8. Empowerment und neue Professionalität in der psychosozialen Arbeit

Eine psy­chosoziale Praxis, die auf diesem Kapital von Vertrauen in die Stärken ihrer Adres­sa­ten auf­baut, nimmt Abschied von der Expertenmacht. Grund­lage allen pädagogischen Han­delns ist hier die Anerkennung der Gleichberechti­gung von beruflichem Helfer und Klient, die Konstruktion einer symmetrischen Arbeitsbe­ziehung also, die auf die Attribute einer bevormundenden Fürsorglichkeit ver­zich­tet, die Verant­wortung für den Arbeitskon­trakt gleich verteilt und sich auf einen Bezie­hungs­modus des partner­schaftli­chen Aus­handelns einlässt. Die Verwirklichung einer solchen ‚Arbeits-Partnerschaft‘ im pädagogischen Alltag ist an spezifische Voraussetzungen gebunden. Hierzu zählen u.a.: Die Einführung einer systematischen Ressourcendiagnostik: die sensible Diagnose lebensgeschichtlich verankerter Stärken und Ressourcen auf Seiten der Klienten; die vertragliche Regelung von Hilfebeziehungen: die Formulierung von ausgearbeiteten Hilfe- und Behandlungsverträgen, in denen die auf den Hilfeprozess bezogenen Ziele, Verfahren, Zeitperspektiven und Verantwortlichkeiten wechselseitig verpflichtend niedergeschrieben sind; das unveräußerliche Wahlrecht der Klienten: die Achtung der Eigenentscheidungen und der Selbstverantwortlichkeiten der Adressaten im Hinblick auf die Nutzung des sozialen Dienstleistungsangebotes wie auch im Hinblick auf die von ihnen markierten Grenzen der pädagogischen Zuständigkeit.

Mit dieser Neu-Vermessung des Arbeitskontraktes zwischen Sozialarbeiter und Klient aber ver­ändert sich die berufli­che Identi­tät der Sozialen Arbeit.
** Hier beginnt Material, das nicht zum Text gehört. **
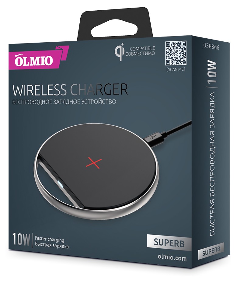 Olmio Superb — беспроводное зарядное устройство для смартфонов, поддерживающих зарядку по стандарту Qi. Модель стильно выглядит, быстро заряжает и безопасна в повседневном использовании.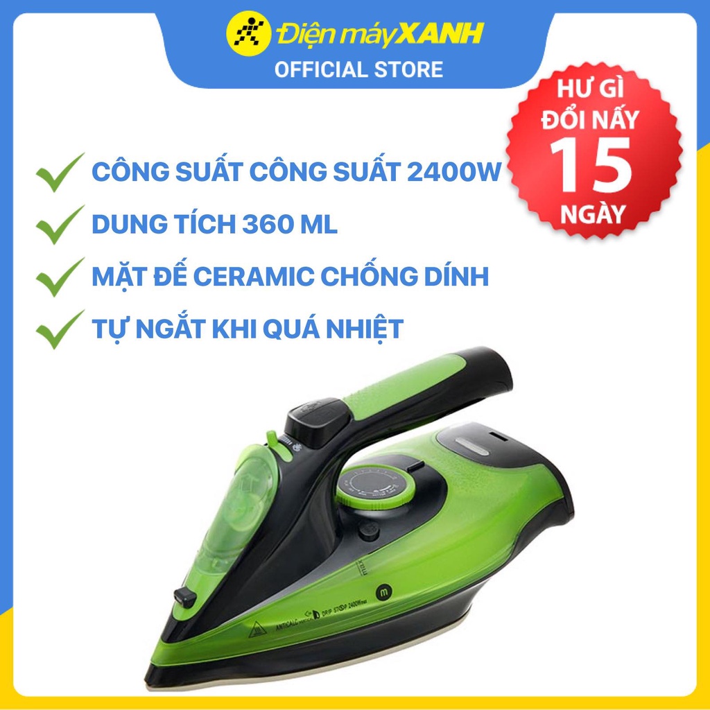 ● Hoạt động mạnh mẽ với công suất 2400W, làm nóng mặt đế nhanh, ủi thẳng đồ trong thời gian ngắn

Soziale Arbeit im Zeichen von Empowerment ist dann nicht mehr allein Pro­duktion von Dienst­lei­stungen oder parteiliches Eintreten für Klienten­in­teressen. Sie wird vielmehr zu ei­ner einfüh­lenden und un­ter­stützen­den Le­bensweg­-Begleitung, die Menschen in Zeiten der Lebensveränderung ermutigt und unterstützt und ihnen strukturelles Rück­grat für individuelle und kollektive Prozesse der Selbstbefreiung ist.